**Problem statement:**
Only the pictures are to be left out, and the rest of the entries should be reproduced exactly.

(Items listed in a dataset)
* * * *
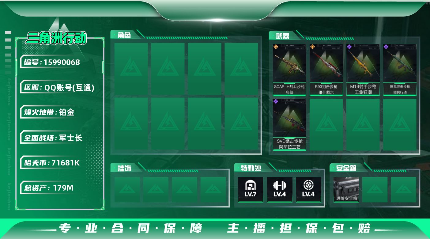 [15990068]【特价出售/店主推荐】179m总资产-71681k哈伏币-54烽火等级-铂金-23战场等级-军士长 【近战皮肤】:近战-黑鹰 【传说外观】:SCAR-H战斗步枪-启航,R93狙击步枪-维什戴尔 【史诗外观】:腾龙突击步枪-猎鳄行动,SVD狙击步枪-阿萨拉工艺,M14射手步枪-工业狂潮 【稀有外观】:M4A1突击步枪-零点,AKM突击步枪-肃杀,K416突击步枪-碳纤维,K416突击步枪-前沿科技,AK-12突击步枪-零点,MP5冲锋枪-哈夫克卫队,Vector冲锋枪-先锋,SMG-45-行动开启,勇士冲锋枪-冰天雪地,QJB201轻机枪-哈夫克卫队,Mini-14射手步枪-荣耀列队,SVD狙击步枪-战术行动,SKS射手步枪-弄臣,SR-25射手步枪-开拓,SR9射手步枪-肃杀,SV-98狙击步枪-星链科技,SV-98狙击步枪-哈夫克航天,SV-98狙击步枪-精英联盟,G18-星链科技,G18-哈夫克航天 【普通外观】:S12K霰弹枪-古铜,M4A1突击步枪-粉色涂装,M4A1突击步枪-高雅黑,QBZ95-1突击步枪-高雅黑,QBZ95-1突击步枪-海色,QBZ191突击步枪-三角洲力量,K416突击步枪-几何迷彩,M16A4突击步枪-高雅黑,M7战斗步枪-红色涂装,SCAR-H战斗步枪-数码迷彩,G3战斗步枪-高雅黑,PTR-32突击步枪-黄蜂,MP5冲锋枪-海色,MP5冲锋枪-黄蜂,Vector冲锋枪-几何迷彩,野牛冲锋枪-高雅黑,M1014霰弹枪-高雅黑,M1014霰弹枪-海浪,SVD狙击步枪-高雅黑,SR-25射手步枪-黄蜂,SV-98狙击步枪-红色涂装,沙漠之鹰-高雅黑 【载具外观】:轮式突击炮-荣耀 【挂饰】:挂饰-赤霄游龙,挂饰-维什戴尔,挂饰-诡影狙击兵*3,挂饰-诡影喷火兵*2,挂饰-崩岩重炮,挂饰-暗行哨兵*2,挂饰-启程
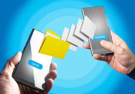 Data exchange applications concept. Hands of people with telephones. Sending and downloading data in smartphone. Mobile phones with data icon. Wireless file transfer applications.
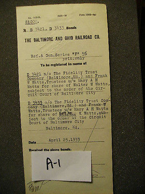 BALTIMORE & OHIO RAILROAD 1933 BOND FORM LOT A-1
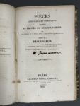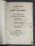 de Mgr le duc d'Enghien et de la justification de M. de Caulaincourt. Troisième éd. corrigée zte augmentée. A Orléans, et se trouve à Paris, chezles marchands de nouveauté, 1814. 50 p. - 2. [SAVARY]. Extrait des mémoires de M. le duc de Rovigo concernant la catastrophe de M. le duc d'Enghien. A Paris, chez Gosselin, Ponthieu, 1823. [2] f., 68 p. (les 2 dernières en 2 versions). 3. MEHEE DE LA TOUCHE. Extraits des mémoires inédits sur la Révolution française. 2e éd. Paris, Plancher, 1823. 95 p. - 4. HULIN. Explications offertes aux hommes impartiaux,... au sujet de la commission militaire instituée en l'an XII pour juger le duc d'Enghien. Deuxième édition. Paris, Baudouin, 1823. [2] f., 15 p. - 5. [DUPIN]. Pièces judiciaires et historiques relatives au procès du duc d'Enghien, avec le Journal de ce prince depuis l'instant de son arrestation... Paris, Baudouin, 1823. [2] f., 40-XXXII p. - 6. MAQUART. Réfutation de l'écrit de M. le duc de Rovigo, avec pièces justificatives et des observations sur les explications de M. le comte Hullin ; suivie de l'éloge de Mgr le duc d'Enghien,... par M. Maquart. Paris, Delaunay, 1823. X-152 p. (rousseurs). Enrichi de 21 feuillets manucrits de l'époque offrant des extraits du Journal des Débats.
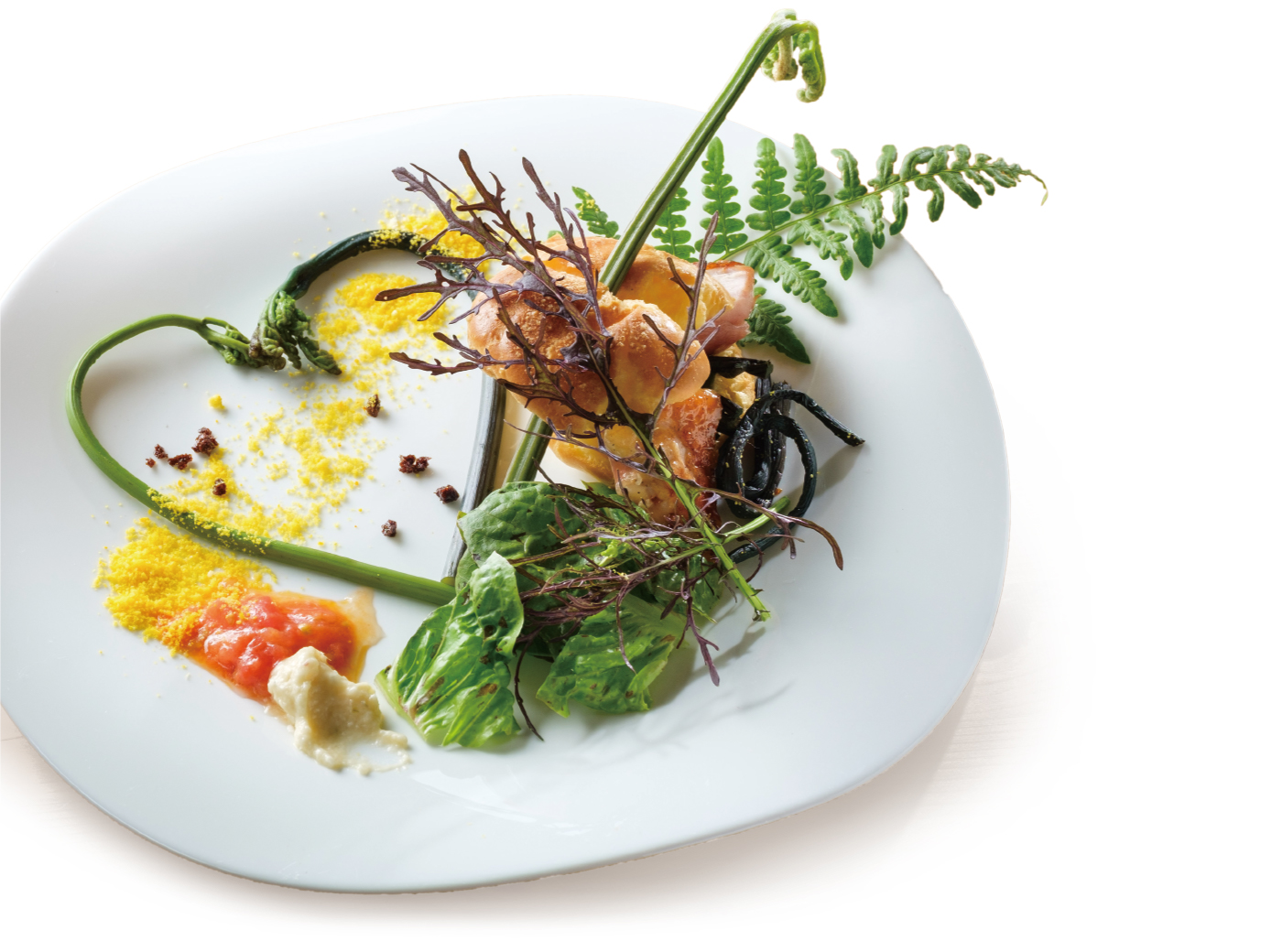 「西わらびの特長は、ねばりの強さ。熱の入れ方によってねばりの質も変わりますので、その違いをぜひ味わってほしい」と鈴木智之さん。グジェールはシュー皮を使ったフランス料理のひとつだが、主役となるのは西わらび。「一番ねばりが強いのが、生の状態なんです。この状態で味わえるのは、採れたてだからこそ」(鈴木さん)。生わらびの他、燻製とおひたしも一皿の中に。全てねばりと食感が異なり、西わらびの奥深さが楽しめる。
* * * *
**Response area:**
 [15990068]【特价出售/店主推荐】179m总资产-71681k哈伏币-54烽火等级-铂金-23战场等级-军士长 【近战皮肤】:近战-黑鹰 【传说外观】:SCAR-H战斗步枪-启航,R93狙击步枪-维什戴尔 【史诗外观】:腾龙突击步枪-猎鳄行动,SVD狙击步枪-阿萨拉工艺,M14射手步枪-工业狂潮 【稀有外观】:M4A1突击步枪-零点,AKM突击步枪-肃杀,K416突击步枪-碳纤维,K416突击步枪-前沿科技,AK-12突击步枪-零点,MP5冲锋枪-哈夫克卫队,Vector冲锋枪-先锋,SMG-45-行动开启,勇士冲锋枪-冰天雪地,QJB201轻机枪-哈夫克卫队,Mini-14射手步枪-荣耀列队,SVD狙击步枪-战术行动,SKS射手步枪-弄臣,SR-25射手步枪-开拓,SR9射手步枪-肃杀,SV-98狙击步枪-星链科技,SV-98狙击步枪-哈夫克航天,SV-98狙击步枪-精英联盟,G18-星链科技,G18-哈夫克航天 【普通外观】:S12K霰弹枪-古铜,M4A1突击步枪-粉色涂装,M4A1突击步枪-高雅黑,QBZ95-1突击步枪-高雅黑,QBZ95-1突击步枪-海色,QBZ191突击步枪-三角洲力量,K416突击步枪-几何迷彩,M16A4突击步枪-高雅黑,M7战斗步枪-红色涂装,SCAR-H战斗步枪-数码迷彩,G3战斗步枪-高雅黑,PTR-32突击步枪-黄蜂,MP5冲锋枪-海色,MP5冲锋枪-黄蜂,Vector冲锋枪-几何迷彩,野牛冲锋枪-高雅黑,M1014霰弹枪-高雅黑,M1014霰弹枪-海浪,SVD狙击步枪-高雅黑,SR-25射手步枪-黄蜂,SV-98狙击步枪-红色涂装,沙漠之鹰-高雅黑 【载具外观】:轮式突击炮-荣耀 【挂饰】:挂饰-赤霄游龙,挂饰-维什戴尔,挂饰-诡影狙击兵*3,挂饰-诡影喷火兵*2,挂饰-崩岩重炮,挂饰-暗行哨兵*2,挂饰-启程
 Data exchange applications concept. Hands of people with telephones. Sending and downloading data in smartphone. Mobile phones with data icon. Wireless file transfer applications.
 BALTIMORE & OHIO RAILROAD 1933 BOND FORM LOT A-1
 de Mgr le duc d'Enghien et de la justification de M. de Caulaincourt. Troisième éd. corrigée zte augmentée. A Orléans, et se trouve à Paris, chezles marchands de nouveauté, 1814. 50 p. - 2. [SAVARY]. Extrait des mémoires de M. le duc de Rovigo concernant la catastrophe de M. le duc d'Enghien. A Paris, chez Gosselin, Ponthieu, 1823. [2] f., 68 p. (les 2 dernières en 2 versions). 3. MEHEE DE LA TOUCHE. Extraits des mémoires inédits sur la Révolution française. 2e éd. Paris, Plancher, 1823. 95 p. - 4. HULIN. Explications offertes aux hommes impartiaux,... au sujet de la commission militaire instituée en l'an XII pour juger le duc d'Enghien. Deuxième édition. Paris, Baudouin, 1823. [2] f., 15 p. - 5. [DUPIN]. Pièces judiciaires et historiques relatives au procès du duc d'Enghien, avec le Journal de ce prince depuis l'instant de son arrestation... Paris, Baudouin, 1823. [2] f., 40-XXXII p. - 6. MAQUART. Réfutation de l'écrit de M. le duc de Rovigo, avec pièces justificatives et des observations sur les explications de M. le comte Hullin ; suivie de l'éloge de Mgr le duc d'Enghien,... par M. Maquart. Paris, Delaunay, 1823. X-152 p. (rousseurs). Enrichi de 21 feuillets manucrits de l'époque offrant des extraits du Journal des Débats.
 「西わらびの特長は、ねばりの強さ。熱の入れ方によってねばりの質も変わりますので、その違いをぜひ味わってほしい」と鈴木智之さん。グジェールはシュー皮を使ったフランス料理のひとつだが、主役となるのは西わらび。「一番ねばりが強いのが、生の状態なんです。この状態で味わえるのは、採れたてだからこそ」(鈴木さん)。生わらびの他、燻製とおひたしも一皿の中に。全てねばりと食感が異なり、西わらびの奥深さが楽しめる。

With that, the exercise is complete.